== WHAT THIS TASK INVOLVES ==
From the listing that follows, reproduce only the lines from the one holding "Комод пластиковый Dunya" through the one holding "person holds a", both included, with no pictures.

== AVAILABLE DATA ==
====================

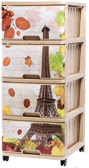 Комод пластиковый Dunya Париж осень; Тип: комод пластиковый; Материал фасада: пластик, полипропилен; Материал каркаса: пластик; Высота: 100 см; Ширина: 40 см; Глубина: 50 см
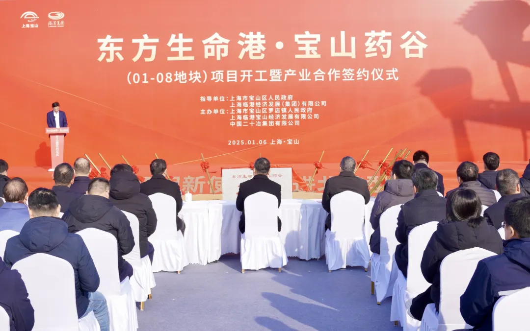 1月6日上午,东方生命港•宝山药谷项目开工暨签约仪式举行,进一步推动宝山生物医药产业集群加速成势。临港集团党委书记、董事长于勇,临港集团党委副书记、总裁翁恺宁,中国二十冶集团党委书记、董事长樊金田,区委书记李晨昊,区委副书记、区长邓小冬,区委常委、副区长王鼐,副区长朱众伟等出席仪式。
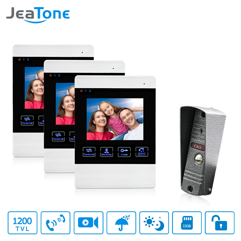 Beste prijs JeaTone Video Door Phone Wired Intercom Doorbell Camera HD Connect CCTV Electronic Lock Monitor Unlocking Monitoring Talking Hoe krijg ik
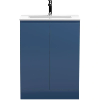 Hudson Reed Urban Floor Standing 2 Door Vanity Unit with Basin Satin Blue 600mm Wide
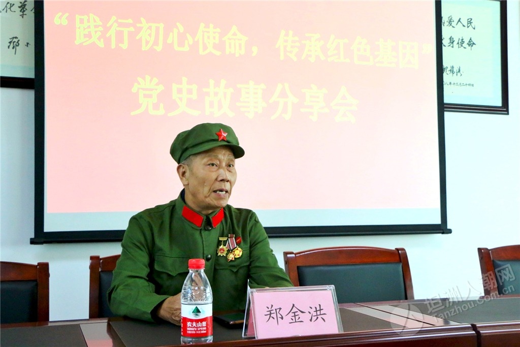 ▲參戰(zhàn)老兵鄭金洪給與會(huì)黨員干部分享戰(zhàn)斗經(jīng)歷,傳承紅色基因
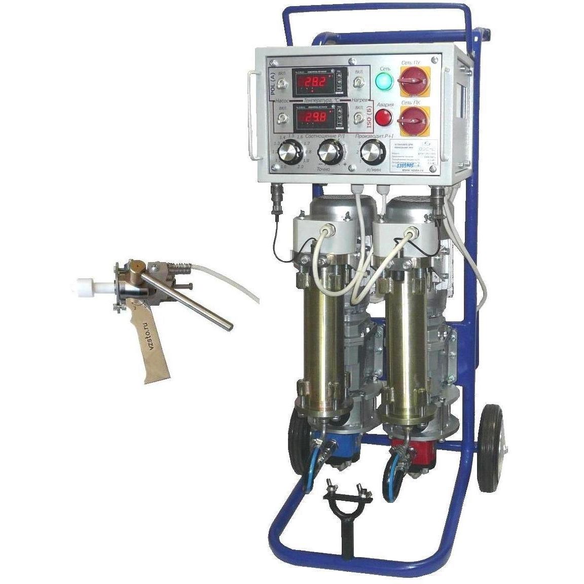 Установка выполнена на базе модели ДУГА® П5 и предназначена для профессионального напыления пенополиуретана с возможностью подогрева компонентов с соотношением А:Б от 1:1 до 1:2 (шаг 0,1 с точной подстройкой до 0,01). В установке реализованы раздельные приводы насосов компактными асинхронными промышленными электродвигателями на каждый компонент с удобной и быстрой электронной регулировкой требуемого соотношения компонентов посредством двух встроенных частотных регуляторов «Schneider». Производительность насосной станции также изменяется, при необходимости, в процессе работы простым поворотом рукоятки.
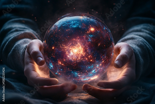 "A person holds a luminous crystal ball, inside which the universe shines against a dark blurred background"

====================

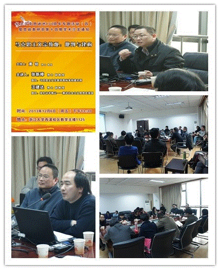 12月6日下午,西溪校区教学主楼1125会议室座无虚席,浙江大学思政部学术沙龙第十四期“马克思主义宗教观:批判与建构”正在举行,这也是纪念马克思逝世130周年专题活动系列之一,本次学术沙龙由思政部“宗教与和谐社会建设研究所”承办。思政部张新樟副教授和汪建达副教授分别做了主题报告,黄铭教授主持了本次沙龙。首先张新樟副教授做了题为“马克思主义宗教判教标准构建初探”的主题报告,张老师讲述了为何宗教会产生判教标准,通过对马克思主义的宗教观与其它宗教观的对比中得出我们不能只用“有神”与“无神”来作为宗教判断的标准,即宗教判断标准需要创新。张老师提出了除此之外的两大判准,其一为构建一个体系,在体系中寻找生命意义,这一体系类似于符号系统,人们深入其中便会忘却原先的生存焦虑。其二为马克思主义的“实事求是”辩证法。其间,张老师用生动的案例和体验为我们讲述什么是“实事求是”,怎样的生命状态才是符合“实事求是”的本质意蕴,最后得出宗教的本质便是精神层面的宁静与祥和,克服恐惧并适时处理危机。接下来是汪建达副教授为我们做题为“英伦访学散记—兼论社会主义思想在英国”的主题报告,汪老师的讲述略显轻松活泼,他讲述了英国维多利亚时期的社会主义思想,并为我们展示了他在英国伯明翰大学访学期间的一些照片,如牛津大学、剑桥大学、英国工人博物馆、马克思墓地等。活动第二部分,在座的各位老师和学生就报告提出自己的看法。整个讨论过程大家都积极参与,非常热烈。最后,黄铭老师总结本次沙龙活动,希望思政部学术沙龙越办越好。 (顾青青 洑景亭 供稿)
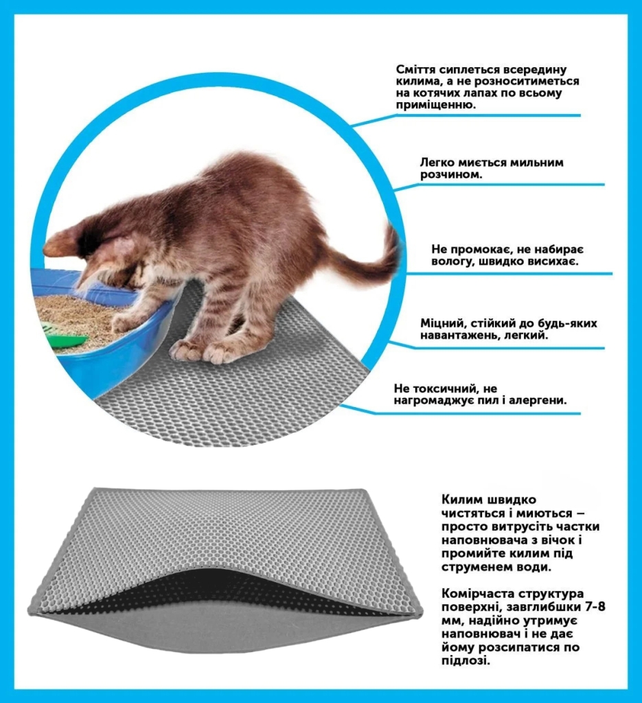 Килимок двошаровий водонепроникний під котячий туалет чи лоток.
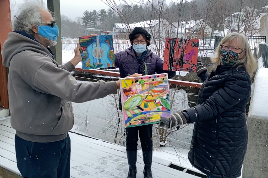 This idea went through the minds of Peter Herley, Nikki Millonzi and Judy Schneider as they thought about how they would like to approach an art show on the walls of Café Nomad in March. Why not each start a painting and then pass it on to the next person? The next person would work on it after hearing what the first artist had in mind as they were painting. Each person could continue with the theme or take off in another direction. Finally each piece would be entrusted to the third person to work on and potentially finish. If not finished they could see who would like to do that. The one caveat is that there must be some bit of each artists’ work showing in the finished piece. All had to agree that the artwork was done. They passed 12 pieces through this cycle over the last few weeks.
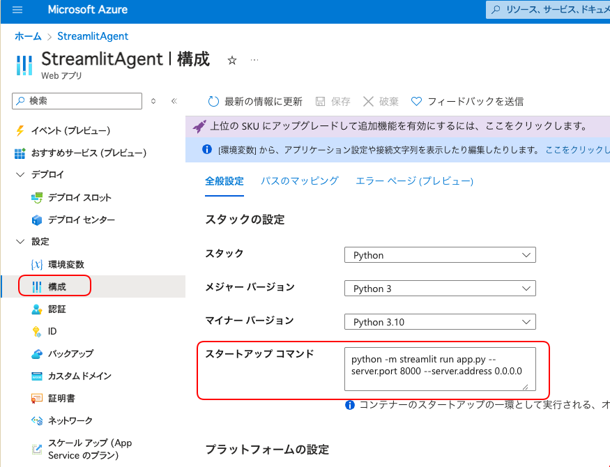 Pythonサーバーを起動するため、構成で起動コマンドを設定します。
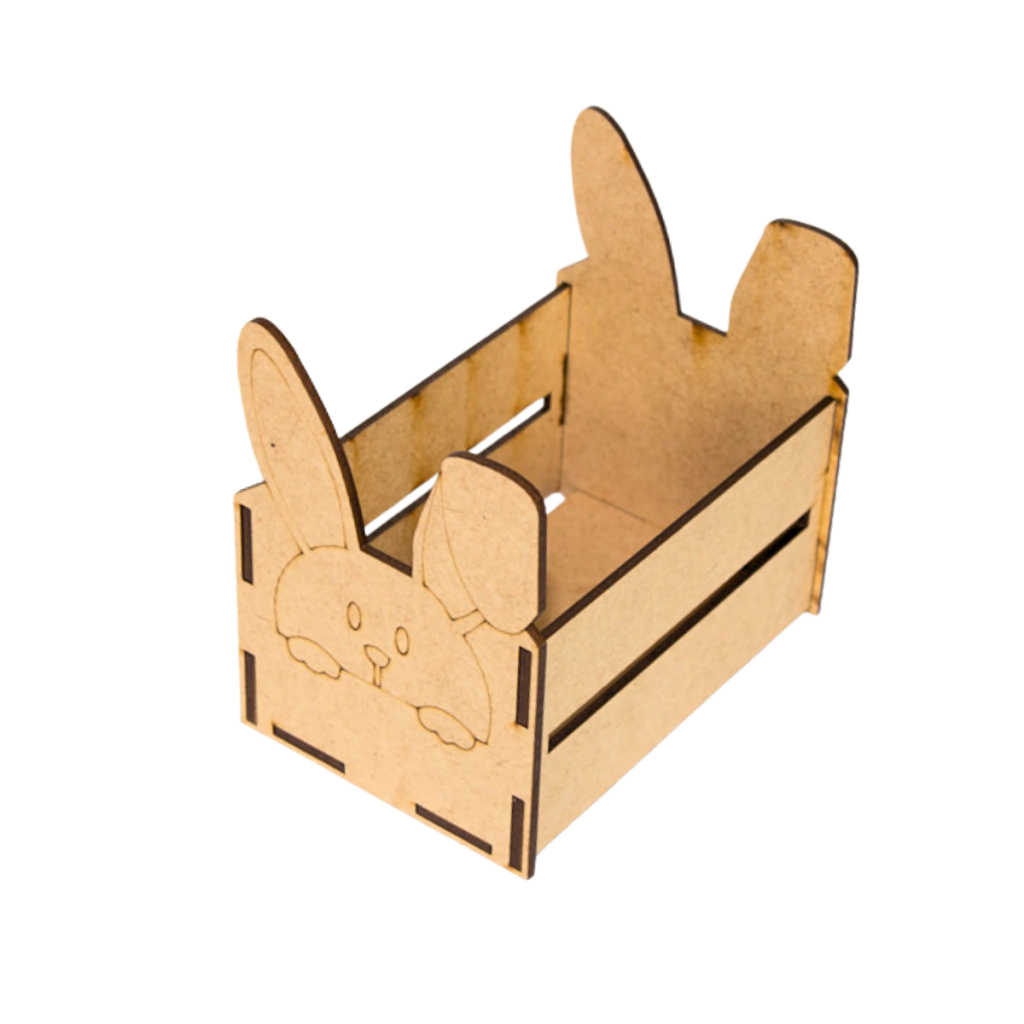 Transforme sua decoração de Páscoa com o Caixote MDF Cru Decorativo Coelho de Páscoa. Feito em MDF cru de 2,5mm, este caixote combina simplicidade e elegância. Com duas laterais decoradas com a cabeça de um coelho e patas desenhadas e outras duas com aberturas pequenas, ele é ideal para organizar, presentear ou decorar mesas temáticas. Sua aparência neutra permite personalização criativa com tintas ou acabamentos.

====================

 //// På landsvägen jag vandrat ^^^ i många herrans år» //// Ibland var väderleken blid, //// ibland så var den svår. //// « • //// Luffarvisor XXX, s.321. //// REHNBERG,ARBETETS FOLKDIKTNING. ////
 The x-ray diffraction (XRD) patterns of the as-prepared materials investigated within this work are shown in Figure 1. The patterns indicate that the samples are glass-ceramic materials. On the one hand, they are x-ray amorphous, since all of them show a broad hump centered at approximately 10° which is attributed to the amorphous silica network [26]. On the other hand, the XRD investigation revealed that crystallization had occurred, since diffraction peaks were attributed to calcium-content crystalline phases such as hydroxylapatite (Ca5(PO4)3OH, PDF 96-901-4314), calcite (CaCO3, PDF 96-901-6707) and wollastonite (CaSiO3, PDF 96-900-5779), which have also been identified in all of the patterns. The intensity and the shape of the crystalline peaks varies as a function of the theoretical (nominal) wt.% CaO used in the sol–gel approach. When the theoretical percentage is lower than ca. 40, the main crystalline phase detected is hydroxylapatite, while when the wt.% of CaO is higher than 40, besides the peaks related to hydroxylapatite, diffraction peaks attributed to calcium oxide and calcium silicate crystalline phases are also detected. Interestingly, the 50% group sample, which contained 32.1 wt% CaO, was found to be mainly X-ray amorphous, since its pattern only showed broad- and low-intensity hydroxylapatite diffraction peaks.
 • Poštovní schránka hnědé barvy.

====================

== EXERCISE RESPONSE ==
 Комод пластиковый Dunya Париж осень; Тип: комод пластиковый; Материал фасада: пластик, полипропилен; Материал каркаса: пластик; Высота: 100 см; Ширина: 40 см; Глубина: 50 см
 1月6日上午,东方生命港•宝山药谷项目开工暨签约仪式举行,进一步推动宝山生物医药产业集群加速成势。临港集团党委书记、董事长于勇,临港集团党委副书记、总裁翁恺宁,中国二十冶集团党委书记、董事长樊金田,区委书记李晨昊,区委副书记、区长邓小冬,区委常委、副区长王鼐,副区长朱众伟等出席仪式。
 Beste prijs JeaTone Video Door Phone Wired Intercom Doorbell Camera HD Connect CCTV Electronic Lock Monitor Unlocking Monitoring Talking Hoe krijg ik
 Hudson Reed Urban Floor Standing 2 Door Vanity Unit with Basin Satin Blue 600mm Wide
 ▲參戰(zhàn)老兵鄭金洪給與會(huì)黨員干部分享戰(zhàn)斗經(jīng)歷,傳承紅色基因
 Установка выполнена на базе модели ДУГА® П5 и предназначена для профессионального напыления пенополиуретана с возможностью подогрева компонентов с соотношением А:Б от 1:1 до 1:2 (шаг 0,1 с точной подстройкой до 0,01). В установке реализованы раздельные приводы насосов компактными асинхронными промышленными электродвигателями на каждый компонент с удобной и быстрой электронной регулировкой требуемого соотношения компонентов посредством двух встроенных частотных регуляторов «Schneider». Производительность насосной станции также изменяется, при необходимости, в процессе работы простым поворотом рукоятки.
 "A person holds a luminous crystal ball, inside which the universe shines against a dark blurred background"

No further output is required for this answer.